C’est absolument fou quand on y pense. Tellement de jours, tellement d’heures et de minutes. Tellement de joie, de surprises et de tendresse. Tellement d’amour surtout. 10 ans c’est quand même un sacré truc. Mais si moi je n’en reviens pas, toi tu les portes avec une fierté infinie.
À 10 ans moi j’écoutais les spice girl et les 2be3 sur le baladeur CD reçu pour mon anniversaire. Il passait à la chanson suivante dès que je montais sur un trottoir, mais c’était ça ma révolution.
Toi tu aiguises ta culture musicale sur Deezer. Tu écoutes Beethoven et Mozart pour améliorer ton piano, et puis quelques secondes plus tard : « Alexa, joue ma playlist Imagine Dragon sur Deezer »…
À 10 ans, je dévorais chaque bouquin qui passait entre mes mains. Ils étaient ma bouée de sauvetage. La seule possibilité d’évasion d’un quotidien dont je ne voulais pas vraiment.
Toi, si tu t’enfile largement autant de pages que moi, tu es beaucoup plus pointu sur la sélection des genres. Ta passion c’est les mangas, alors tu les écris, tu les dessines, et pour cela aussi tu les lis. Tous. Les collections, les inconnus, les tomes 1 à 148, les éditions originales en japonais dans lesquels on ne pige même pas un foutu mot.
À 10 ans, je mangeais ce que j’avais envie, en fonction du contenu du frigo. Parfois, ma mère me faisait réchauffer une brique de soupe industrielle avant de partir à l’école. Parfois, je collais des céréales dans un bol de lait pour le dîner parce que bon, flemme. (Après seulement j’ai découvert les croustibat).
Toi tu es végétarien depuis 6 ans déjà. Tu l’as décidé et jamais tu n’es revenu sur ton choix. Même si parfois c’est chiant de ne pas pouvoir manger la pizza parce qu’il y a du jambon dessus, tu dis non merci et tu t’accommode de la salade verte.
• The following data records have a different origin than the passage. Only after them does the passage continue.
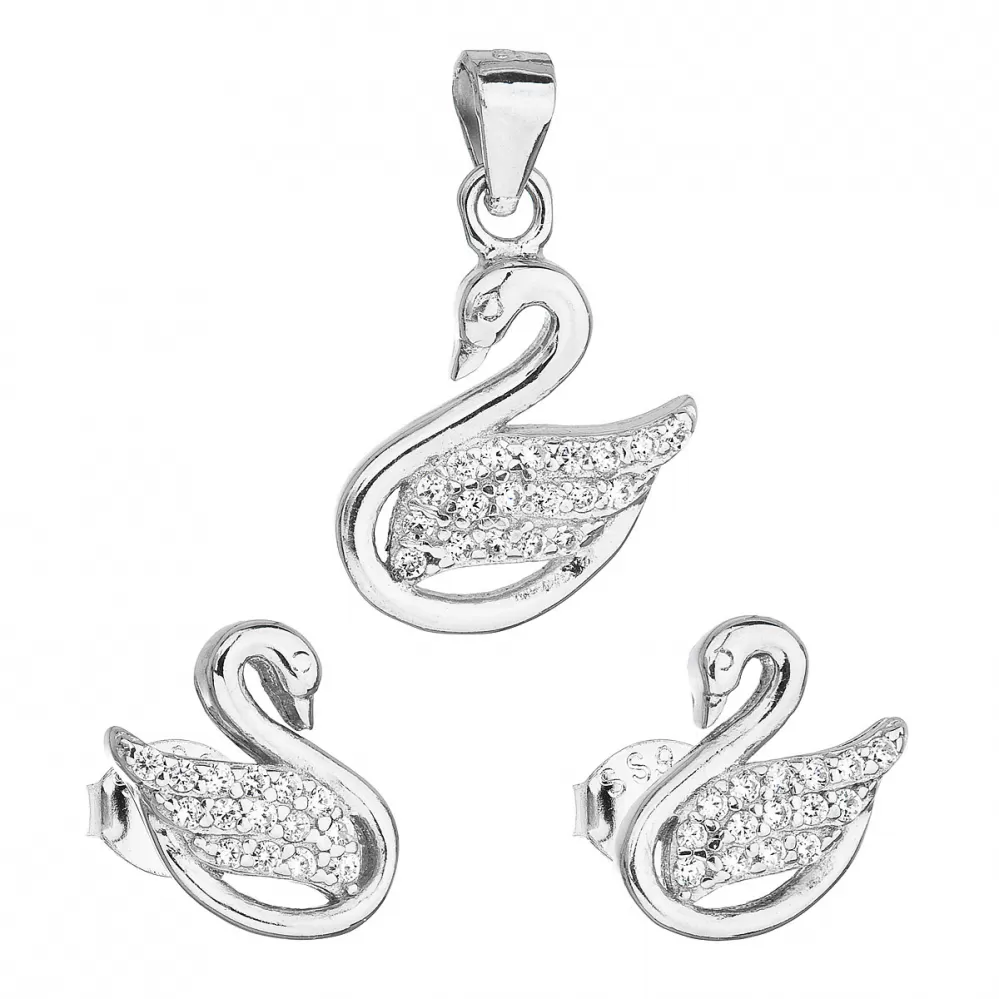 Sada šperkov so zirkónom náušnice a prívesok biela labuť 19010.1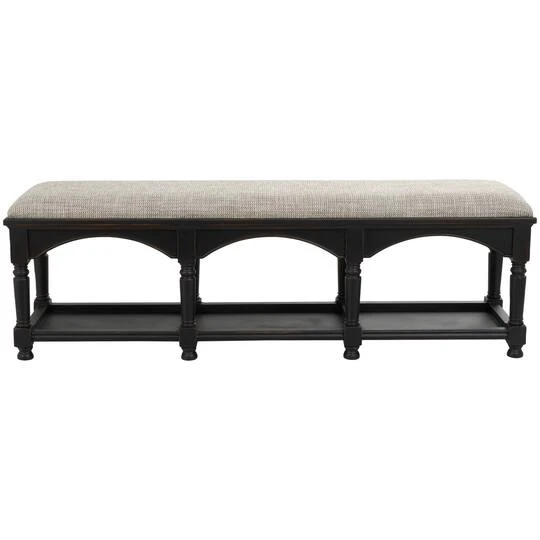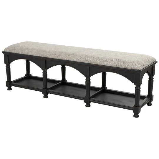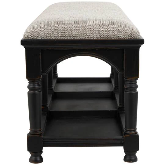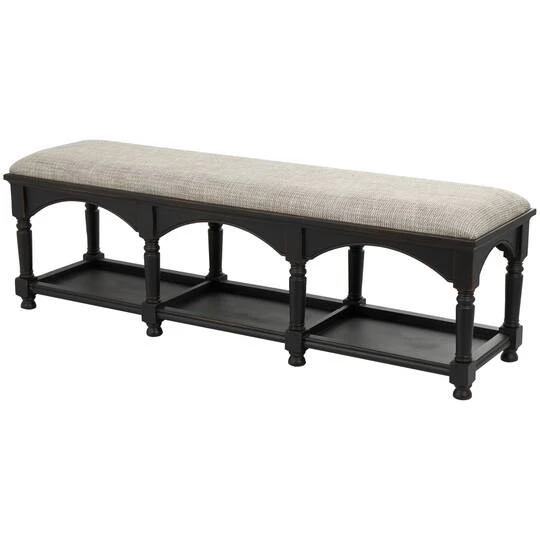 Designed with the essence of timeless sophistication, where rich old-world textures and warm hues come together for a refined classic taste of understated luxury. This entryway bench is crafted from foam and fabric with wood and MDF legs for added stability and support. Create additional seating in the home with this comfortable cushioned bench, featuring an elegant design and a lower shelf space for storage. Use this cream bench as an accent piece in your living room or bedroom, or place it in an entryway or hallway to provide a beautiful seating option.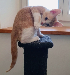 Vorab was zu unseren Namen. Da wir alle mehr oder weniger rot sind, bekamen wir den passenden Gruppennamen Pumpkins. Unsere eigentlichen Namen würden wir uns, wie schon öfters, gerne von euch geben lassen. Da wir aber noch zu jung sind, um offiziell vorgestellt zu werden – und es wegen des Pilzes auch etwas dauern kann – hat uns unsere Pflegefamilie temporäre Namen gegeben. Sie können uns ja nicht über Wochen “Katzenmädchen 1… etc.” rufen 😂. Wundert euch also nicht, wenn ihr diese Namen seht: Wir sind zwei Mädels namens Canelle und Zucca und zwei Jungs namens Findus und Garfield.

À 10 ans moi, j’étais seule. Aimée par une mère qui faisait de son mieux et choyée par des grands-parents dépassés. J’étais entourée d’amis partout, tout le temps. Pourtant, immensément seule.
Toi, tu es solitaire par nature. Tu aimes ta chambre dans laquelle tu t’enferme dessiner pendant des heures. Et il y a ta sœur aussi, à qui tu es lié comme à personne d’autre. Elle te fait mourir de rire autant qu’elle t’agace. Elle t’aime autant qu’elle te cherche. Elle est la seule, le soir quand vous vous retrouvez en cachette, à écouter tes blagues et tes chagrins, tes peurs et tes victoires. Alors, tu lui pardonnes tout.
À 10 ans, l’angoisse me filait des migraines. J’avais peur d’échouer, peur de ne pas être à la hauteur des ambitions que je m’étais moi-même mises dans les pattes. On me laissait prendre des décisions, qui plus tard trouveraient un sens, mais trop lourdes pour les épaules que j’avais là.
Toi mon fils, je n’ai pas su t’épargner ni les angoisses, ni les migraines. C’est quand même con parce que cet échec là je ne l’avais pas vu venir. Et pourtant c’est un des plus difficile qu’il m’est demandé d’assumer. J’aurais voulu t’offrir la légèreté et l’insouciance, je t’ai refilé le poids de mes combats.
Toi et moi on est si différents, et pourtant je crois que je n’aurais confiance en personne d’autre que toi sur cette terre pour la rendre meilleure. Alors merci pour ces 10 ans de toi et vivement la prochaine décennie.